Records excerpted from a collection:
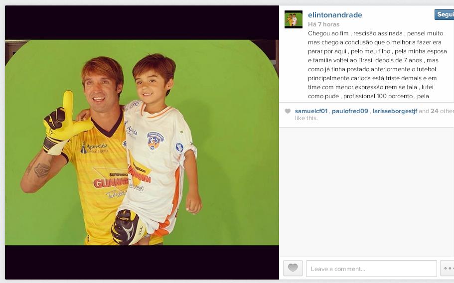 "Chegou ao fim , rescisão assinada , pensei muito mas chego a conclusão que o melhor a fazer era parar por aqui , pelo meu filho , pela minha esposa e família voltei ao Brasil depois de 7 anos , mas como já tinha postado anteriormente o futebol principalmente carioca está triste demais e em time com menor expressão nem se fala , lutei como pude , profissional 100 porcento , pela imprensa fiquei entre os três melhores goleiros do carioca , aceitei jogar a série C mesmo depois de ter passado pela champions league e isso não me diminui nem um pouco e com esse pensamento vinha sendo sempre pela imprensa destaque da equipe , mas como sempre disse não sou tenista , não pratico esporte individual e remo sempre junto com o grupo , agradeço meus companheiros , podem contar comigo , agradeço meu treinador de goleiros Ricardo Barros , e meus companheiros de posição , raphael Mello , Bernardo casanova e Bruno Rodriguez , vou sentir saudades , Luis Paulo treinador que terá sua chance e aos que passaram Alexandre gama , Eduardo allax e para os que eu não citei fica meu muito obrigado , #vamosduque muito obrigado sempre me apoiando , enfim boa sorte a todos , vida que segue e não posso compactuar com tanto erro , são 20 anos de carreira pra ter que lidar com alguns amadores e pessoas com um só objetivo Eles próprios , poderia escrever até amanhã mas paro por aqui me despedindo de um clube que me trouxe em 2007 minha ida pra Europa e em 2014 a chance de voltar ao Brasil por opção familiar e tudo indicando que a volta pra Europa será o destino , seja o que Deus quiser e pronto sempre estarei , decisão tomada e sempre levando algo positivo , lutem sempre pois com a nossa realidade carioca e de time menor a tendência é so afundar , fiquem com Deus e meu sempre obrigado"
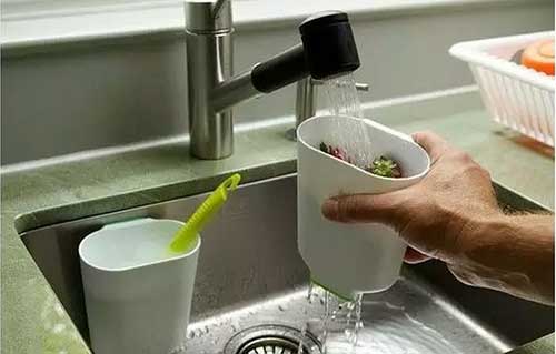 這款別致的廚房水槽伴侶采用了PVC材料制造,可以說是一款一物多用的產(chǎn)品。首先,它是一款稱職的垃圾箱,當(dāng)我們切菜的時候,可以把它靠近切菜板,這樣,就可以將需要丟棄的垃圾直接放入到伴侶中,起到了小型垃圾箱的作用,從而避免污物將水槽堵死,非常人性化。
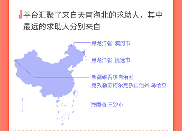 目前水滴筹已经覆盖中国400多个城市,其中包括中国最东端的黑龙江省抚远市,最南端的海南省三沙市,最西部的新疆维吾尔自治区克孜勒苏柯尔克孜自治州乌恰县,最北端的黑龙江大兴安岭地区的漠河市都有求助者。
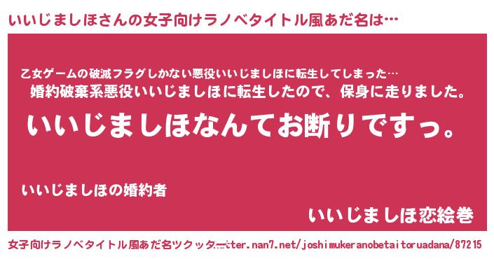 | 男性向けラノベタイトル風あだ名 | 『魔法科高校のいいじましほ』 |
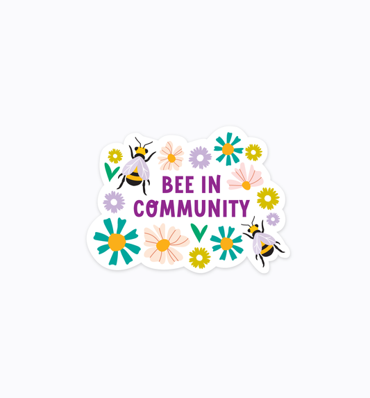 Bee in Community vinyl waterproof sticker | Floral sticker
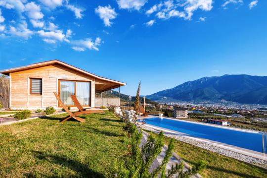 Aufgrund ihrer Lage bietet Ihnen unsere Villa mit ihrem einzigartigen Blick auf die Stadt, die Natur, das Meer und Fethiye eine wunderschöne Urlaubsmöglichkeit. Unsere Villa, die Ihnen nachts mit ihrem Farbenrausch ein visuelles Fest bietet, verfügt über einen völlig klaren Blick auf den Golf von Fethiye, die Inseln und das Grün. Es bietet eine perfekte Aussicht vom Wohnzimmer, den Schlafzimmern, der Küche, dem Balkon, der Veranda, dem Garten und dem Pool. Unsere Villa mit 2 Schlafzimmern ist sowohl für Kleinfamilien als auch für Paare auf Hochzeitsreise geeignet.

What to do:
Would you please print only the lines running from the one with "男性向けラノベタイトル風あだ名 | 『魔法科高校のいいじましほ』 |" to the final line of the entries above, exactly as written and without pictures?

Written solution:
 | 男性向けラノベタイトル風あだ名 | 『魔法科高校のいいじましほ』 |
 Bee in Community vinyl waterproof sticker | Floral sticker
 Aufgrund ihrer Lage bietet Ihnen unsere Villa mit ihrem einzigartigen Blick auf die Stadt, die Natur, das Meer und Fethiye eine wunderschöne Urlaubsmöglichkeit. Unsere Villa, die Ihnen nachts mit ihrem Farbenrausch ein visuelles Fest bietet, verfügt über einen völlig klaren Blick auf den Golf von Fethiye, die Inseln und das Grün. Es bietet eine perfekte Aussicht vom Wohnzimmer, den Schlafzimmern, der Küche, dem Balkon, der Veranda, dem Garten und dem Pool. Unsere Villa mit 2 Schlafzimmern ist sowohl für Kleinfamilien als auch für Paare auf Hochzeitsreise geeignet.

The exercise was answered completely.